Recently, however, the NoSQL database has arrived, and in many cases it provides a more natural fit from a modeling standpoint. Especially for document-oriented databases (such as MarkLogic, MongoDB, Couchdb, and so on), their rich JSON and/or XML persistence models effectively eliminate this impedance mismatch. When this becomes a boon to developers and productivity, developers in some cases have begun to believe that they must sacrifice some other, already accustomed features, such as ACID transaction support. The reason for this is that many NoSQL databases do not provide such functionality because of the tradeoff between greater flexibility and the extensibility that traditional relational databases do not. For many people, the root cause of this tradeoff is the cap theorem.
Cap theorem
Eric Brewer proposed a hypothetical concept in 2000 and is now called the cap theorem by the technical community. He discusses three system properties in a distributed database environment:
- consistency : all nodes see the same data at the same time;
- availability : Ensure that every system access request receives a successful or failed response;
- Delimited tolerance : the loss or failure of any information in the system does not affect the system's continued operation.

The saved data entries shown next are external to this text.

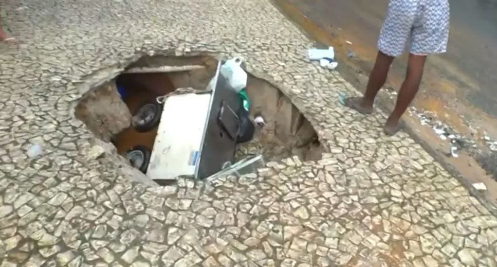De acordo com informações preliminares, o desabamento da calçada causou a queda de um carrinho de venda de lanches na cratera formada.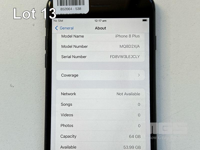 APPLE iPHONE 8 PLUS, 64GB, SPACE GREY, MODEL MQ8D2X/A, BATTERY HEALTH 84% (NO CABLE, NO CHARGER) S/N:FD8VW3LEJCLY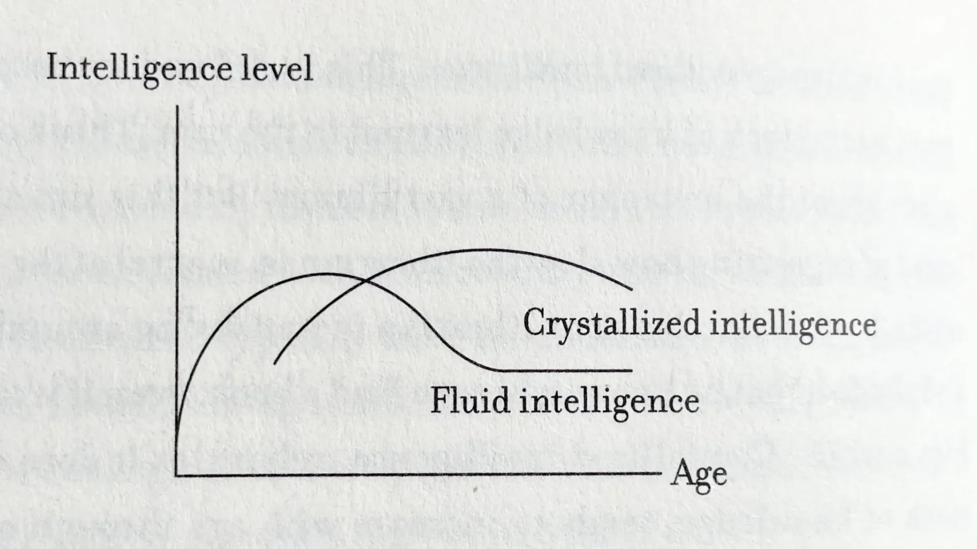 If you are experiencing decline in fluid intelligence – and if you are my age, you are – it doesn’t mean you are washed up. It means it is time to jump off the fluid intelligence curve and onto the crystallized intelligence curve. Those who fight against time are trying to bend the old curve instead of getting onto the new one. But it is almost impossible to bend, which is why people are so frustrated, and usually unsuccessful.”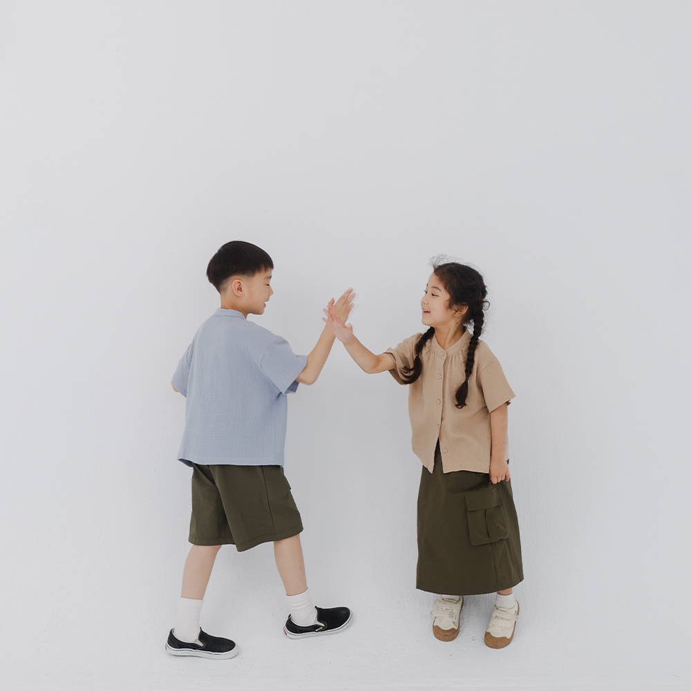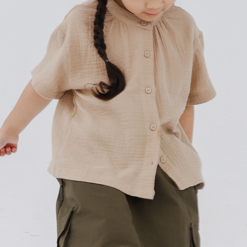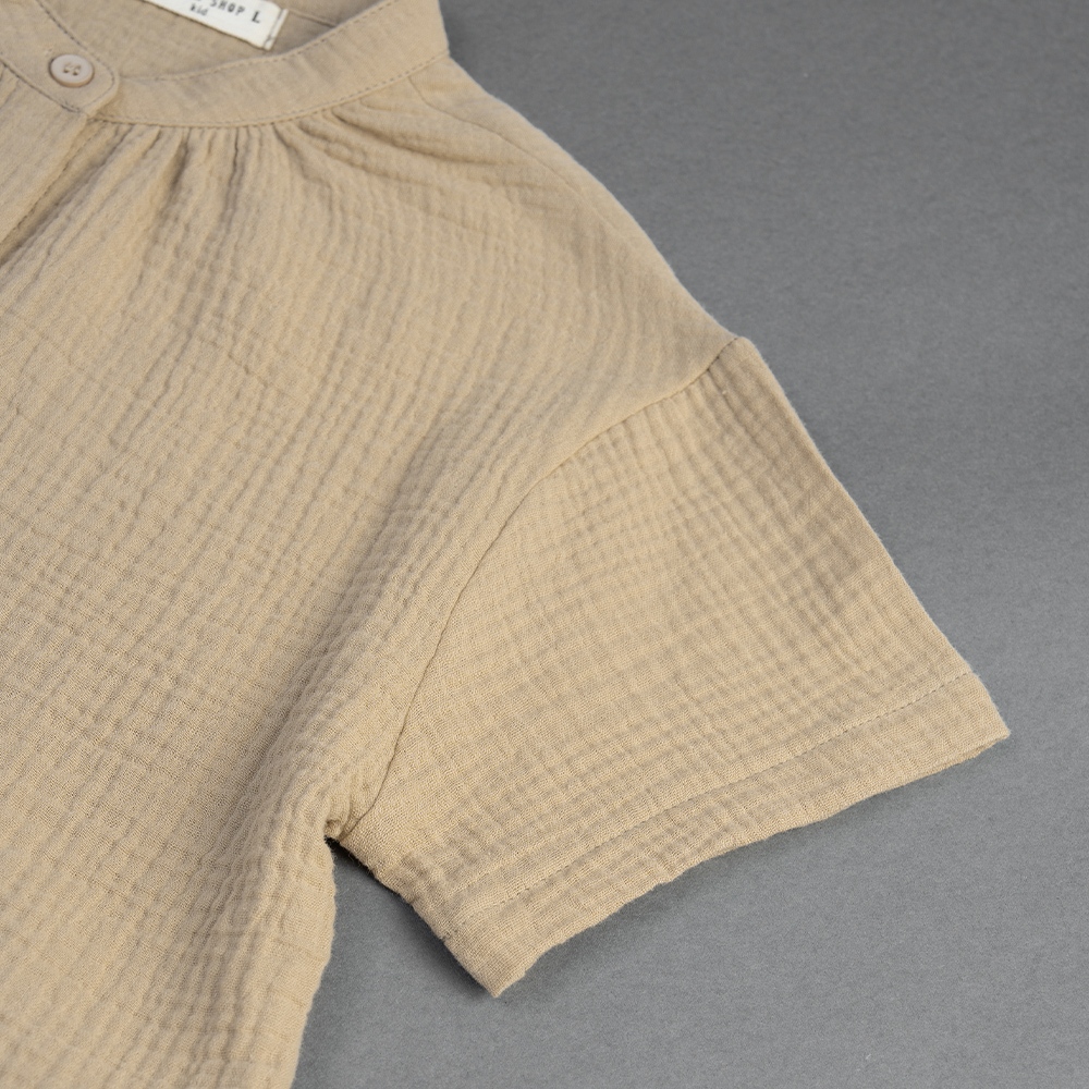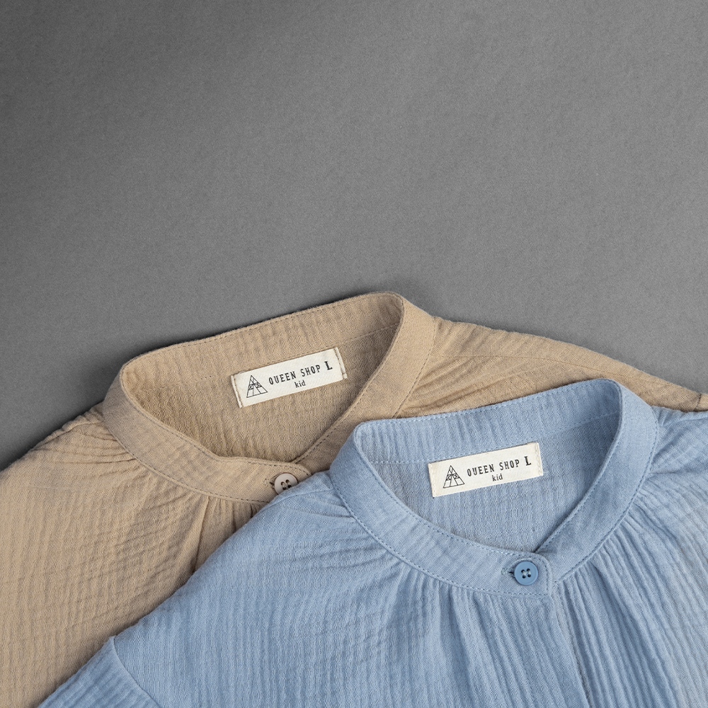QUEENSHOP_ S 短袖 童裝 立體格紋中山領襯衫 兩色售 M-XL 現+預 【01025569】藍M|藍L|藍XL|卡其M|卡其L|卡其XLTopsQUEENSHOP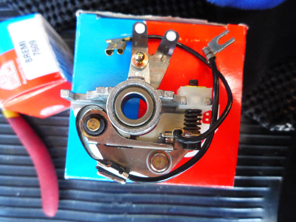 キャトルのデスビつったら、DucellierだSEVだBoschだとみんなワイワイ楽しそうだが(?)、我が家のはなぜか珍品マレリのデスビでございます。ええ。ポイントの交換はアームだけとかじゃなく、ユニットごと交換。まあそんなに高い部品じゃないから丸ごと交換しちゃったほうが安心っちゃ安心だわな。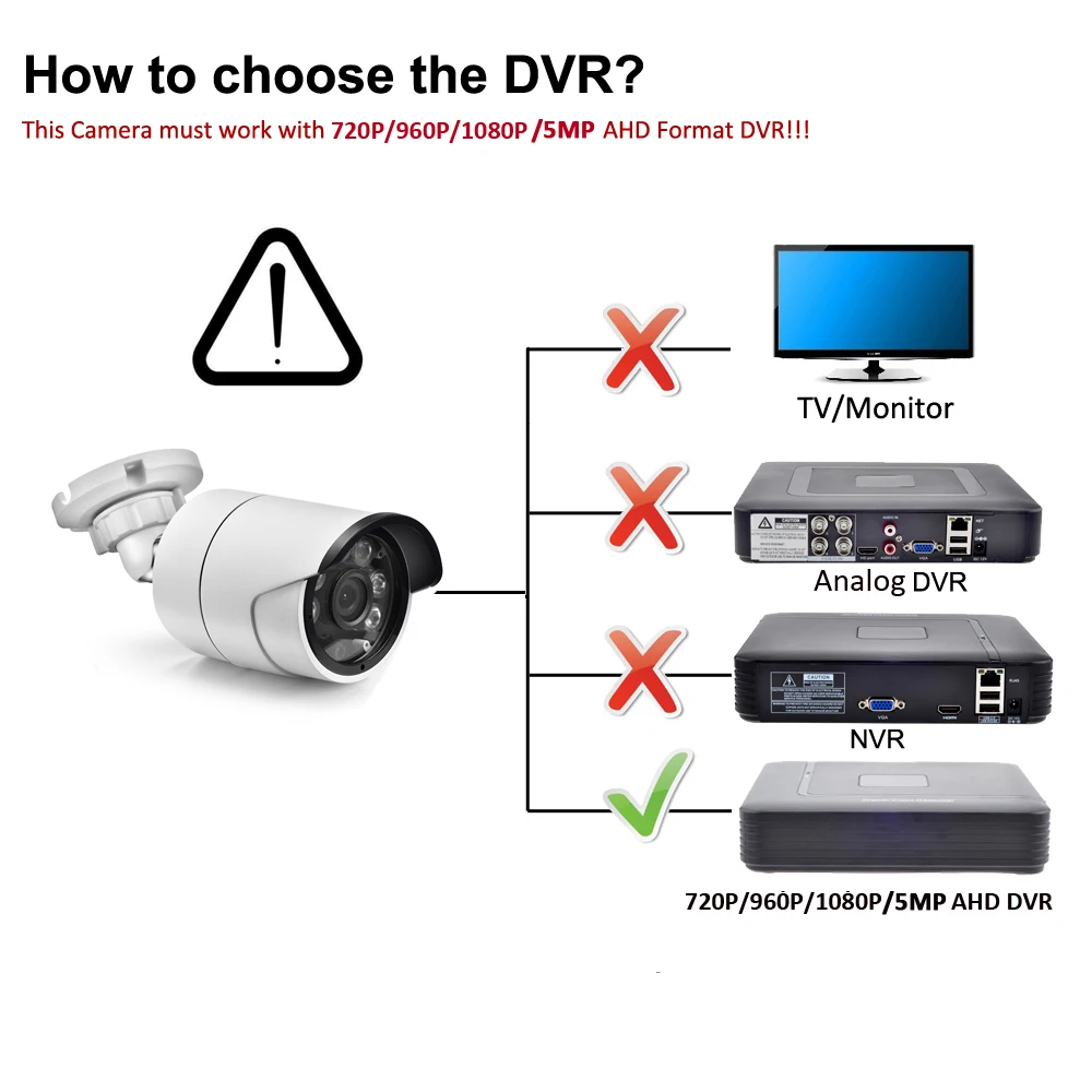 Убедитесь, что у вас есть AHD DVR для AHD камер. Вы не сможете просматривать или записывать без него. Это очень важно! Пожалуйста, не покупайте, если у вас нет AHD DVR!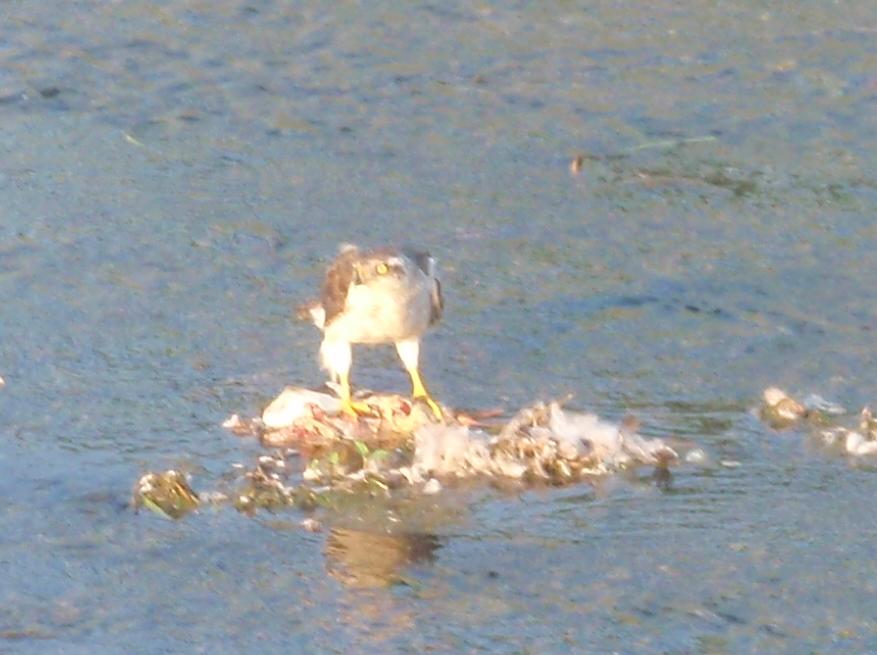 オオタカ見っけ! 長女を拾い、店に戻る途中・・・川の真ん中でお食事中のオオタカ(もちろん野生の)を見つけました。デジカメを最大望遠にして撮影・・・「オオタカだ!」と言うと、長女が「ホントだ!」と識別できるような距離・・・デジカメ構えても堂々とこちらを見てるようなやつ・・・もちろん、細心の注意をはらい食事の邪魔しそうなら、退散するつもりではいるのですが・・・・

The consensus around the cap theorem is that for the three functions above, a distributed database system can only provide up to 2. As a result, most NoSQL databases refer to it as the basis for processing database updates using the final consistency model (sometimes called base-or basic availability, soft state, eventual consistency).
A common misconception, however, is that due to the cap theorem, it is not possible to create a distributed database with an ACID transaction capability. As a result, many people assume that distributed NoSQL databases and acid transactions are a pair that can never be fused. But this is not the case, in fact Brewer himself clarified some of his statements, particularly with regard to the concept of consistency, as it applies to acid.
It turns out that acid properties are important and their applicability has either been resolved or is being addressed by the updated database technology market. In fact, the authors of Big table white papers and implementations, such as Google's authority for large-scale data storage in distributed Web, are already implementing distributed database transaction capabilities through spanner projects.
As a result, business is back to the scope of NoSQL discussions. If you're a Java developer looking for NoSQL agility and scale, and still want acid transactional functionality, that's good news. In this article we will explore a NoSQL database: MarkLogic, how it provides a multi-statement transaction capability to Java developers without sacrificing other nosql advantages, such as agility, cross-hardware scale-out capabilities. Before proceeding, let's review the acid concept.
Acid Support
Let's look at the book definition of acid abbreviations first. We will define each term and discuss each of the important contexts:
- atomicity : This feature is fundamental to the concept of transactions, which describes the need for the database to facilitate the combination of data and manipulate the data in a "full or none" manner. Thus, for example, transactions arising from the borrowing of one account and the loan of another account must ensure that they occur (or do not occur) as a unit. This functionality is guaranteed not only during normal operation, but also in unexpected error conditions.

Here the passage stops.